A lot of focus has been put on the U.S. labor market as many analysts and economists see it as a critical factor in the Federal Reserve ‘s monetary policy decision. A strong employment report on Friday could put the U.S. central bank on pace to reduce its monthly bond-purchase program by the end of the year. A disappointing number could delay those tightening plans for the foreseeable future.

The indecision and lack of conviction in the gold market as investors look for more clarity have created some volatility, with prices pretty much going nowhere fast.

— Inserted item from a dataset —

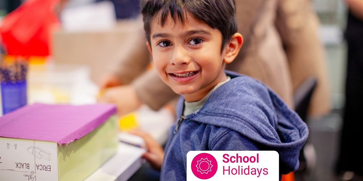 [Image Description: photo of child making crafts in library. Text reads School Holidays. ]

The gold market is trading Thursday morning in slightly negative territory. The selling pressure comes after prices tested resistance at the 200-day and 50-day moving averages for the fourth time since mid-July. Gold’s near-term weakness comes as the U.S. dollar trades near a one-week high above 92 points. U.S. bond yields are also pushing higher, with the yield on 10-year notes at 1.20%.

December gold futures last traded at $1,806.10 down 0.%46 on the day. Many analysts have said that gold needs to hold consistent gains above $1,830 an ounce to attract new investor interest and take a run back to $1,900 an ounce.

Live 24 hours gold chart [Kitco Inc.]

However, for some analysts, the path of least resistance could be lower.

Ole Hansen, head of commodity strategy at Saxo Bank, said that gold ‘s multiple failed breakouts above $1,830 an ounce raises further risks to the downside, particularly as bond yields rise off last their recent multi-month lows.

“A fourth unsuccessful attempt to crack resistance above $1830 has left gold exposed to a test of support, currently at $1792,” he said. “The risk of a cycle low in yields may add short-term downside risks to gold with the market wondering whether the yellow metal may be resistant to rising yields just like it ignored the recent slump.”

Thomas Westwater, market analyst at DailyFX.com, said that the gold market ‘s falling momentum created a very bearish short-term technical pattern, which could push prices below $1,800 an ounce.

Not only does gold have to face potentially tighter monetary policy from the Federal Reserve, but globally other central banks are laying the groundwork for potentially higher interest rates in the next few years.

Ahead of the North American session, the Bank of England left interest rates and its asset-purchase program unchanged. However, the British central bank was fairly optimistic about future economic growth.

In its monetary policy statement, the central bank committee said “some modest tightening of monetary policy” over the coming period “is likely to be necessary to be consistent with meeting the inflation target sustainably in the medium term.”

Some economists said that if the U.K. can get the COVID-19 pandemic under control, the first rate hike could come in the spring of next year.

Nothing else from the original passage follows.